• **What this task involves**: Using the listing below, set down exactly the lines from the one that contains "The point-plane incidence" through the one that contains "Following our spring/summer", with no pictures.

• **Available data**:
※ ※ ※
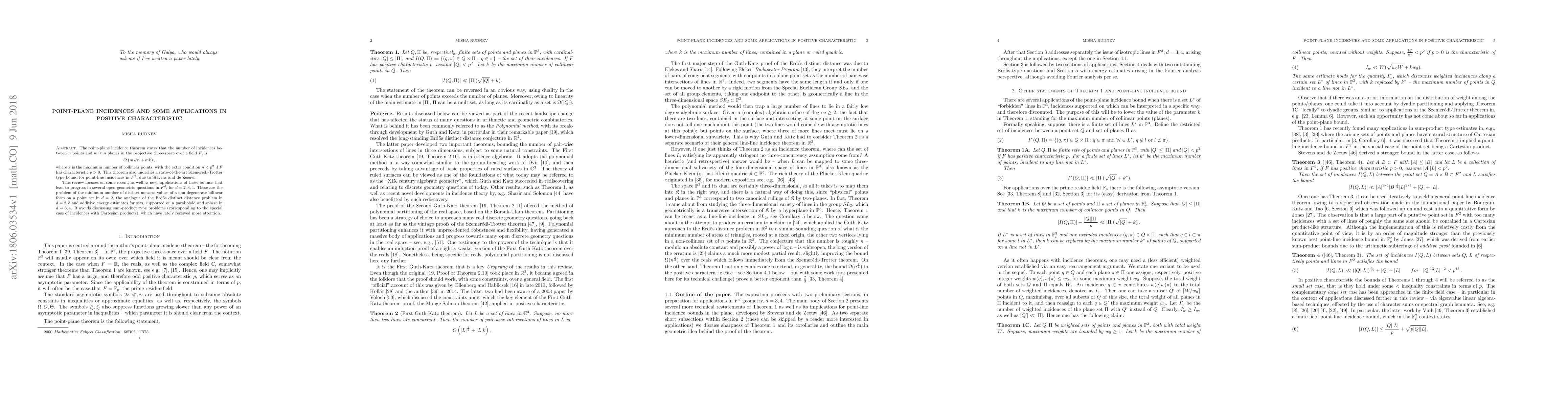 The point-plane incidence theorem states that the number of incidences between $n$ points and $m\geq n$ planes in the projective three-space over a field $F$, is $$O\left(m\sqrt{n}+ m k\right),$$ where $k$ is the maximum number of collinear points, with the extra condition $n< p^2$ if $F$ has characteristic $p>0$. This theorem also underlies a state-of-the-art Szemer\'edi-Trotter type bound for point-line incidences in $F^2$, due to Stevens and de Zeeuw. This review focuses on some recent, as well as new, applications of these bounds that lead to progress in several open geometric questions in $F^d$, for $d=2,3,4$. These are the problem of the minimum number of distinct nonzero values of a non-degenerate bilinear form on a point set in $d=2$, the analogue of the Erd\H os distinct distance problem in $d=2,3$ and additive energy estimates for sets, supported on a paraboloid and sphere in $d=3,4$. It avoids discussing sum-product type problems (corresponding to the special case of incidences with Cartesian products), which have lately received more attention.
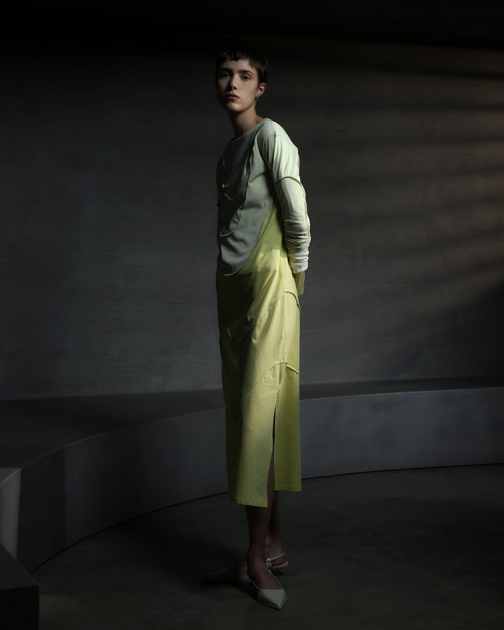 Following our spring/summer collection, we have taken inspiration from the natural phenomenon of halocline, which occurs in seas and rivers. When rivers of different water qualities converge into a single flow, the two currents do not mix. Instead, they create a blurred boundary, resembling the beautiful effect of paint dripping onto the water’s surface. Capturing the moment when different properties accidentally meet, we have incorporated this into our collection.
※ ※ ※
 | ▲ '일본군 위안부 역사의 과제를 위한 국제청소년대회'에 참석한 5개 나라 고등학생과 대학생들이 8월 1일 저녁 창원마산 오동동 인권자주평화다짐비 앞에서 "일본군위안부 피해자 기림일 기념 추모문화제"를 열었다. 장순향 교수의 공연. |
※ ※ ※
• **Solved exercise**:
 The point-plane incidence theorem states that the number of incidences between $n$ points and $m\geq n$ planes in the projective three-space over a field $F$, is $$O\left(m\sqrt{n}+ m k\right),$$ where $k$ is the maximum number of collinear points, with the extra condition $n< p^2$ if $F$ has characteristic $p>0$. This theorem also underlies a state-of-the-art Szemer\'edi-Trotter type bound for point-line incidences in $F^2$, due to Stevens and de Zeeuw. This review focuses on some recent, as well as new, applications of these bounds that lead to progress in several open geometric questions in $F^d$, for $d=2,3,4$. These are the problem of the minimum number of distinct nonzero values of a non-degenerate bilinear form on a point set in $d=2$, the analogue of the Erd\H os distinct distance problem in $d=2,3$ and additive energy estimates for sets, supported on a paraboloid and sphere in $d=3,4$. It avoids discussing sum-product type problems (corresponding to the special case of incidences with Cartesian products), which have lately received more attention.
 Following our spring/summer collection, we have taken inspiration from the natural phenomenon of halocline, which occurs in seas and rivers. When rivers of different water qualities converge into a single flow, the two currents do not mix. Instead, they create a blurred boundary, resembling the beautiful effect of paint dripping onto the water’s surface. Capturing the moment when different properties accidentally meet, we have incorporated this into our collection.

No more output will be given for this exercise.